Activities like these made a tangible difference to fans’ experiences, getting fans talking about those sponsors and giving UEFA evidence of how the women’s football community can generate a different set of benefits from other sports sponsorships.

Goldie agreed that women’s sport is still at a point where sponsors can experiment – and that doing so is fundamental to understanding and delivering on fans’ needs. With women’s football moving to the intersection of culture, beauty and fashion, this is the moment to “ask for forgiveness, not permission” in creating activation ideas.

At the same time, she said, the different environment around women’s football should also be reflected in how success is measured. Female players have their own emotional connection with their younger fans, while there is also room for brands to drive important public conversations – as Unilever did with its Persil campaign ‘Every Stain Should Be Part of the Game’, taking on taboos around sport and menstrual cycles.

Those factors are bound to come to bear on discussions around financial commitments and resourcing – both between sponsors and rights holders and within brand organisations themselves.

For Patel, that makes it even more vital to be clear about sponsorship objectives “from the get-go” and be brave enough to change course where necessary – not least as tournament properties evolve from one edition to the next.

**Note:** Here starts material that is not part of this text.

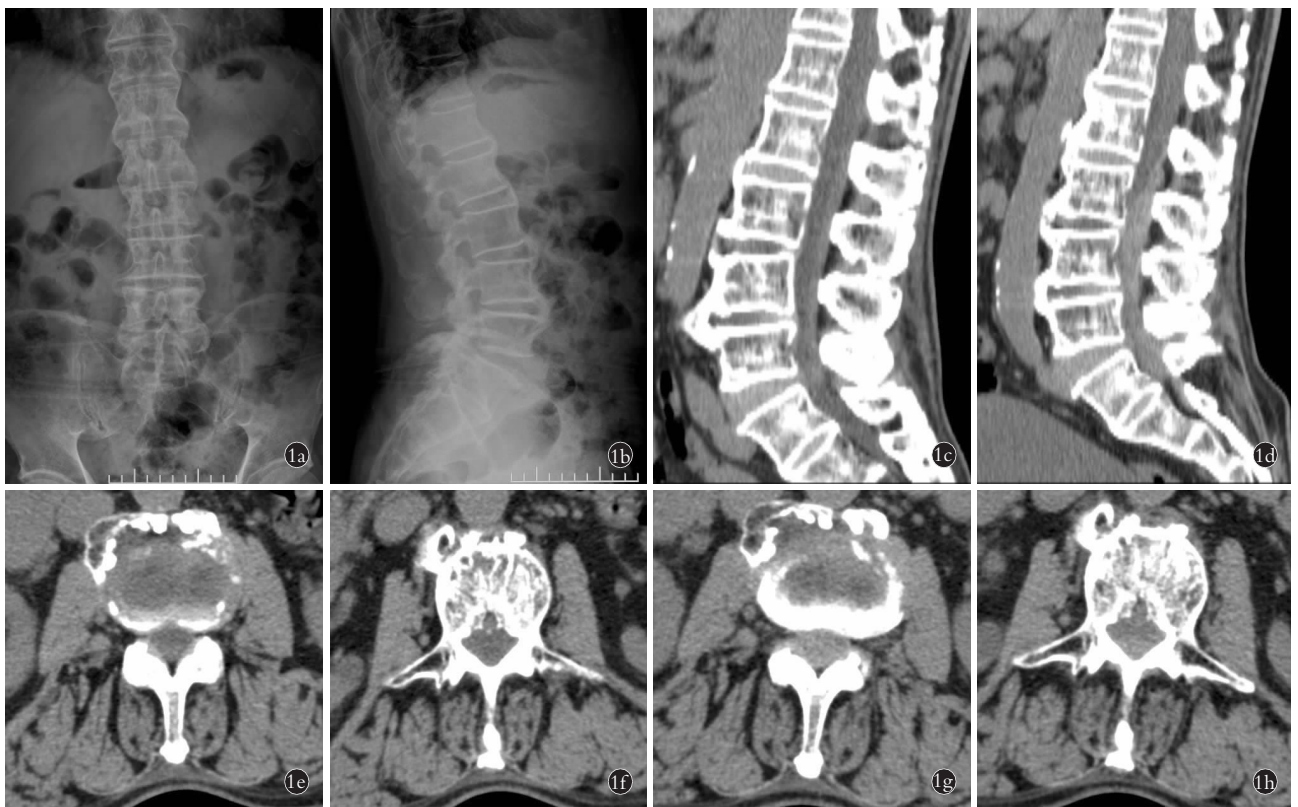
图 1 患者,男,75 岁,腰椎管狭窄症 1a,1b . 骶管封闭术前腰椎正侧位 X 线片显示腰椎退变、骨质增生,呈竹节样改变 1c,1d . 分别为骶管封闭术前和术后 2 d 腰椎 CT 二维重建片,术后 2 d 腰椎 CT 二维重建可见 L 3 -S 1 椎管内后缘见条状物,密度较 L 1 节段脊髓信号稍高 1e,1f,1g,1h . 分别为骶管封闭术前( 1e,1f )和术后 2 d( 1g,1h )腰椎 CT 椎间盘 L 3,4 节段和 L 3 椎体下 1/3 横断面,骶管封闭后硬膜和黄韧带间隙与术前比较明显狭窄甚至消失

硬膜外血肿是腰椎术或椎管内阻滞术后不常见的并发症,血肿压迫脊髓后出现神经功能缺损症状,可见下肢无力、感觉障碍、排尿排便困难等,一旦发生未能及时发现与治疗可出现神经不可逆损害,截瘫或四肢瘫痪 [1] 。本病发病年龄范围广,病因复杂,大量文献报道与抗凝药的使用有关,此外血管畸形、血液病、高血压病、外伤等也可导致椎管静脉丛或动脉破裂出血引发病 [2-3] 。腰椎间盘突出症占腰腿痛的 54%~80% [4] ,可出现腰背部疼痛、下肢活动及感觉障碍,病重者可致残,严重影响患者生活质量。硬膜外类固醇注射通过抑制磷脂酶 A2 来达到抗炎的效果,中断疼痛-痉挛循环和中枢神经活动模式,对

In women’s sport, she added, each market is at its own stage in that progress. It is crucial not just to tailor activities to those individual markets but also to prepare still-developing territories for campaign messaging.

This summer’s events have amply demonstrated the value women’s football is already delivering. With better data, richer insights and stronger collaboration, this panel agreed that even more fascinating possibilities lie ahead.